PoC Deduplication of Logical Volume Image
From Wirespeed
This is a Proof of Concept I wrote to minimize storage space for an image of a Logical Volume. The idea is that an LV changes only for a limited amount of its whole size and recreating a full image wastes a lot of duplicate data. I run my virtual machines from an LV and a disaster recovery consists of a full LV image combined with a file based backup. The image is to be recreated on a relatively long term basis, whereas the filesystem backup is a daily thing. A new image should be created every time the internal LVM configuration changes or grub changed (new kernel). I should insert some comments in the code, but it being simply a PoC, it still needs a lot of thought:
Contents |
Issues
Problem with this little script is that
- it has little or no concept sanity check.
- never tried a full restore
- proper command line interface and
- input validation is simply non existent
- I have no clue if the md5-sha512 combination is strong enough to determine identical blocks. Maybe a more detailed collision check should be included.
- Proper error checking is another missing feature.
- Using /dev/shm (or proper PERL libraries for system commands) for intermediate results may speed things up.
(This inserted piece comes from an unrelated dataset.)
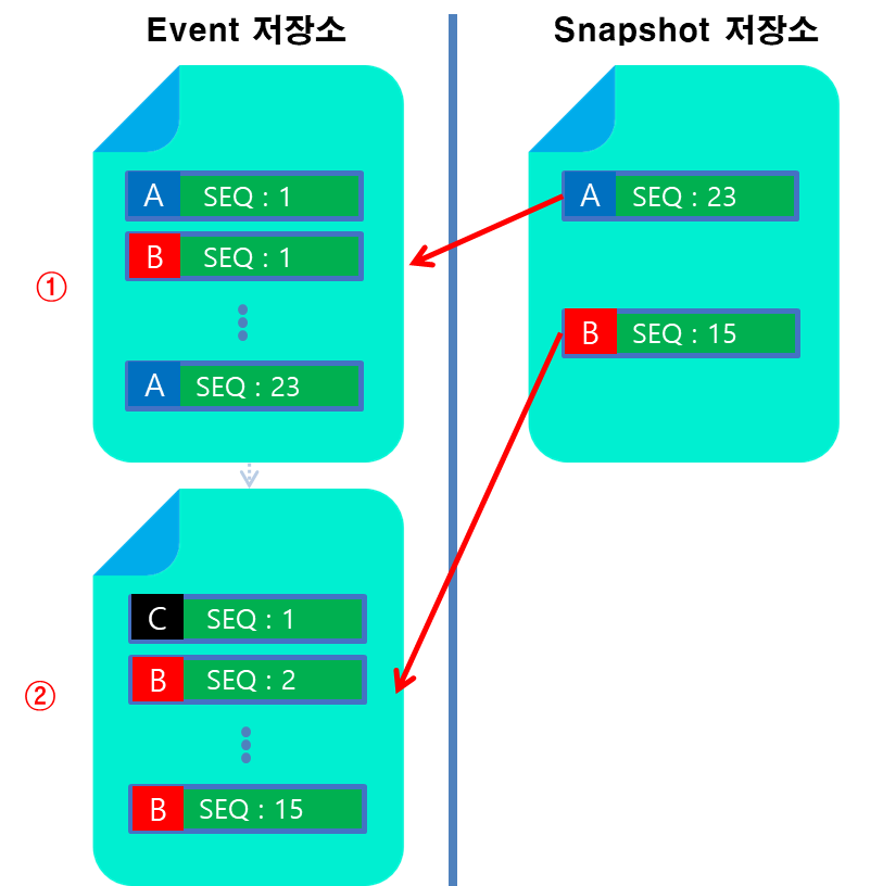 EventStore는 Snapshot 저장소를 제공합니다. Snapshot 저장소 또한 Segment 단위로 저장되며, Snapshot Entry는 동일한 Aggregate의 번호가 매핑된 파일을 가르킵니다. 따라서 위 그림에서 A Aggregate를 읽는다고 가정한다면 Snapshot이 가르키는 1번 Segment 이후부터 데이터를 읽기 시작합니다.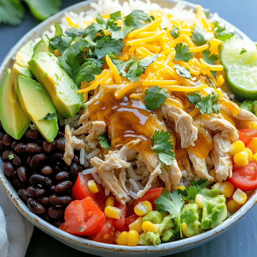 These burrito bowls are perfect for meal prep. You can make them ahead of time for busy days. Divide the bowls into single-serving containers. This way, you have ready meals for lunch or dinner. You can also prep the chicken and rice separately. This allows you to mix and match with other toppings throughout the week.

- no housekeeping. Consider smart use of a directory per image and hardlinking the .bz2 files
Use
- At boot time of the physical host, create a LVM snapshot of the LV that needs to be imaged;
- Start the VM
- Start imaging the LV snapshot (consider use of 'at')
- Remove the LV snapshot
BTW: It is not a coincidence an almost identical artice is on linuxforms.org. Wrote that article too.
The script
#!/usr/bin/perl
use warnings;
use strict;
my $lv = '/dev/vg_diablo/vm_localserver';
my ( $logical_volume_name , $volume_group_name , $logical_volume_access , $logical_volume_status , $internal_logical_volume_number , $open_count_of_logical_volume , $logical_volume_size_in_sectors , $current_logical_extents_associated_to_logical_volume , $allocated_logical_extents_of_logical_volume , $allocation_policy_of_logical_volume , $read_ahead_sectors_of_logical_volume , $major_device_number_of_logical_volume , $minor_device_number_of_logical_volume ) = split( /:/ , `lvdisplay -c $lv` );
print "current_logical_extents_associated_to_logical_volume $current_logical_extents_associated_to_logical_volume\n";
my ( $volume_group_name_too , $volume_group_access , $volume_group_status , $internal_volume_group_number , $maximum_number_of_logical_volumes , $current_number_of_logical_volumes , $open_count_of_all_logical_volumes_in_this_volume_group , $maximum_logical_volume_size , $maximum_number_of_physical_volumes , $current_number_of_physical_volumes , $actual_number_of_physical_volumes , $size_of_volume_group_in_kilobytes , $physical_extent_size , $total_number_of_physical_extents_for_this_volume_group , $allocated_number_of_physical_extents_for_this_volume_group , $free_number_of_physical_extents_for_this_volume_group , $uuid_of_volume_group ) = split( /:/ , `vgdisplay -c $volume_group_name` );
print "physical extent size $physical_extent_size\n";
open REBUILDINFO , "> rebuild.info" or die "Cannot create file: $!\n";
for ( my $count = 0; $count < $current_logical_extents_associated_to_logical_volume; $count++) {
my $part = sprintf "%08i" , $count;
system( "dd if=$lv of=part.$part bs=${physical_extent_size}k skip=$count count=1\n" );
my $md5sum = `md5sum part.$part -b`;
chomp $md5sum;
$md5sum =~ s/^([0-9a-f]{32}).*$/$1/;
my $sha512sum = `sha512sum part.$part -b`;
chomp $sha512sum;
$sha512sum =~ s/^([0-9a-f]{128}).*$/$1/;
my $filename = "$md5sum-$sha512sum";
print REBUILDINFO "part.$part $filename\n";
if ( -e "${filename}.bz2" ) {
print "Duplicate!\n";
unlink( "part.$part" );
} else {
rename( "part.$part" , $filename );
system( "bzip2 --best $filename" );
}
}
close REBUILDINFO;
exit;
Results
My webserver is in a logical volume. The largst gain would be once more images of the server are stored. Eg. on a monthly basis.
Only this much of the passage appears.